***** Exercise data

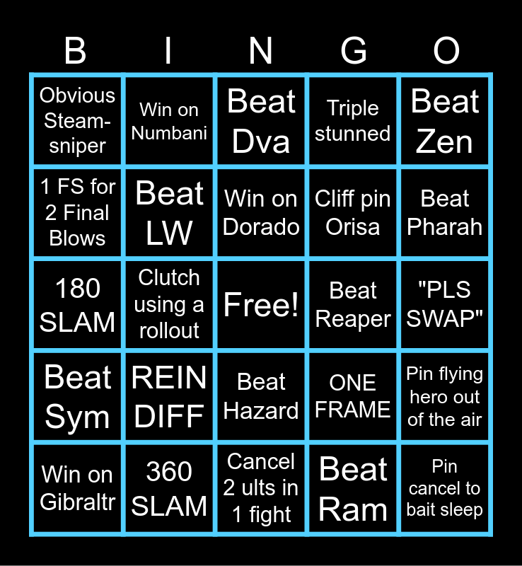 This bingo card has a free space and 34 words: Beat Orisa, Beat Ram, Beat Mei, Beat Bastion, Beat Sym, Beat LW, Beat Zen, Win on Gibraltr, Win on Numbani, Win on Paraiso, Win on Dorado, Beat Dva, Beat Ball, Beat Doom, Beat Reaper, Beat Pharah, 360 SLAM, 180 SLAM, REIN DIFF, ONE FRAME, Beat Hazard, Win with Mercy OTP on team, Obvious Steam-sniper, "PLS SWAP", Cancel 2 ults in 1 fight, Pin cancel to bait sleep, Triple stunned, Fakeout Slam, Cliff pin Orisa, 1 FS for 2 Final Blows, 5 Shattered, Clutch using a rollout, Pin flying hero out of the air and Use 1 pin to knock 2 or more off the map.
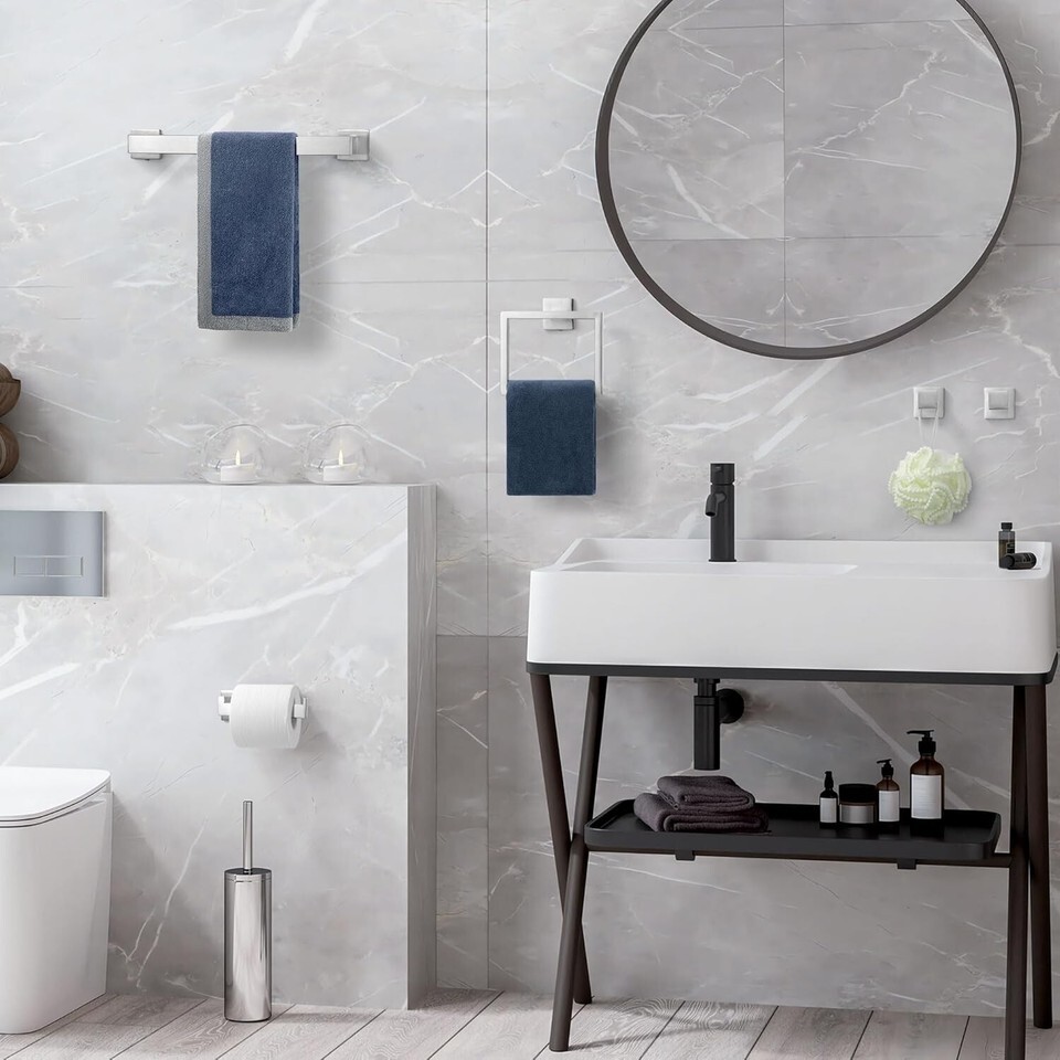 5 Piece Combination: Complete with a 16-inch towel bar, a chic towel ring, a sleek toilet paper holder, and 2 practical towel hooks to maximize your bathroom space.
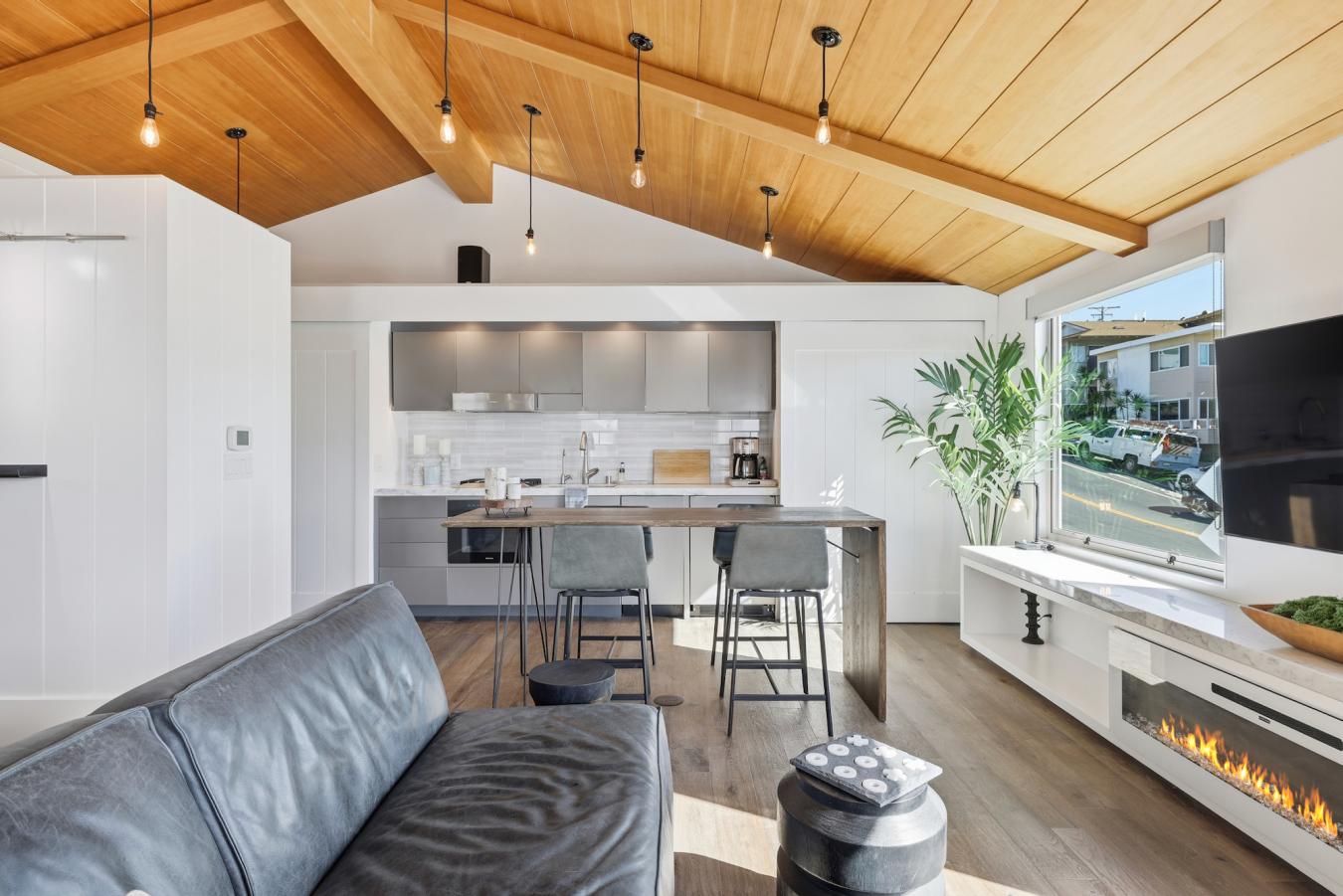 137 15th Street is located in one of Manhattan Beachs most desirable pockets - just six homes from The Strand in the 100 Block, and steps to Downtown dining, shops, and lifestyle. With a direct westerly ocean view-line, rare backyard space this close to the sand, and exceptional walkability - reflected in a 93 "Walkers Paradise" rating on Walk Score - this location captures the essence of Manhattan Beach living at a price point seldom seen so near the water. The property offers uncommon flexibility and long-term upside. Set on a 30 x 45 lot with an approximate 1,350 square foot developable footprint, it presents a compelling opportunity to live comfortably today while preserving future SFR development potential. Whether used as a primary residence, second "beach house", or income-producing property, the A location supports strong short-term rental demand and makes this an ideal candidate for a thoughtfully executed Airbnb or furnished coastal rental strategy. The existing home is turnkey and fully upgraded. The light-filled upper level features vaulted wood-beam ceilings, heated wood floors, and a welcoming living area centered around a fireplace. The updated kitchen is equipped with premium Miele appliances, pantry storage, and is designed to capture ocean breezes and natural light. Air conditioning adds year-round comfort, enhancing the homes livability. The layout is efficient and flexible. The upper level functions as a studio or one-bedroom-style living space with a bathroom, while the lower level offers a separate bedroom or office with an adjacent bath - ideal for guests, work-from-home, or additional privacy. Outdoors, a private backyard retreat with fire pit and outdoor shower creates a rare indoor-outdoor living experience this close to the beach. Additional features include a one-car garage with laundry, tankless water heater, and thoughtful upgrades throughout. This is a property that speaks to buyers seeking a foothold in an A Manhattan Beach location - whether an empty nester prioritizing walkability and lifestyle, a frequent visitor looking to offset ownership with rental income, or an investor drawn to location-driven demand and future potential. Few offerings combine this level of proximity, flexibility, and long-term value so close to the sand.

**********

▶ What is needed
From the first line to the last, copy the listing above exactly and leave out the images.

▶ Response
 This bingo card has a free space and 34 words: Beat Orisa, Beat Ram, Beat Mei, Beat Bastion, Beat Sym, Beat LW, Beat Zen, Win on Gibraltr, Win on Numbani, Win on Paraiso, Win on Dorado, Beat Dva, Beat Ball, Beat Doom, Beat Reaper, Beat Pharah, 360 SLAM, 180 SLAM, REIN DIFF, ONE FRAME, Beat Hazard, Win with Mercy OTP on team, Obvious Steam-sniper, "PLS SWAP", Cancel 2 ults in 1 fight, Pin cancel to bait sleep, Triple stunned, Fakeout Slam, Cliff pin Orisa, 1 FS for 2 Final Blows, 5 Shattered, Clutch using a rollout, Pin flying hero out of the air and Use 1 pin to knock 2 or more off the map.
 5 Piece Combination: Complete with a 16-inch towel bar, a chic towel ring, a sleek toilet paper holder, and 2 practical towel hooks to maximize your bathroom space.
 137 15th Street is located in one of Manhattan Beachs most desirable pockets - just six homes from The Strand in the 100 Block, and steps to Downtown dining, shops, and lifestyle. With a direct westerly ocean view-line, rare backyard space this close to the sand, and exceptional walkability - reflected in a 93 "Walkers Paradise" rating on Walk Score - this location captures the essence of Manhattan Beach living at a price point seldom seen so near the water. The property offers uncommon flexibility and long-term upside. Set on a 30 x 45 lot with an approximate 1,350 square foot developable footprint, it presents a compelling opportunity to live comfortably today while preserving future SFR development potential. Whether used as a primary residence, second "beach house", or income-producing property, the A location supports strong short-term rental demand and makes this an ideal candidate for a thoughtfully executed Airbnb or furnished coastal rental strategy. The existing home is turnkey and fully upgraded. The light-filled upper level features vaulted wood-beam ceilings, heated wood floors, and a welcoming living area centered around a fireplace. The updated kitchen is equipped with premium Miele appliances, pantry storage, and is designed to capture ocean breezes and natural light. Air conditioning adds year-round comfort, enhancing the homes livability. The layout is efficient and flexible. The upper level functions as a studio or one-bedroom-style living space with a bathroom, while the lower level offers a separate bedroom or office with an adjacent bath - ideal for guests, work-from-home, or additional privacy. Outdoors, a private backyard retreat with fire pit and outdoor shower creates a rare indoor-outdoor living experience this close to the beach. Additional features include a one-car garage with laundry, tankless water heater, and thoughtful upgrades throughout. This is a property that speaks to buyers seeking a foothold in an A Manhattan Beach location - whether an empty nester prioritizing walkability and lifestyle, a frequent visitor looking to offset ownership with rental income, or an investor drawn to location-driven demand and future potential. Few offerings combine this level of proximity, flexibility, and long-term value so close to the sand.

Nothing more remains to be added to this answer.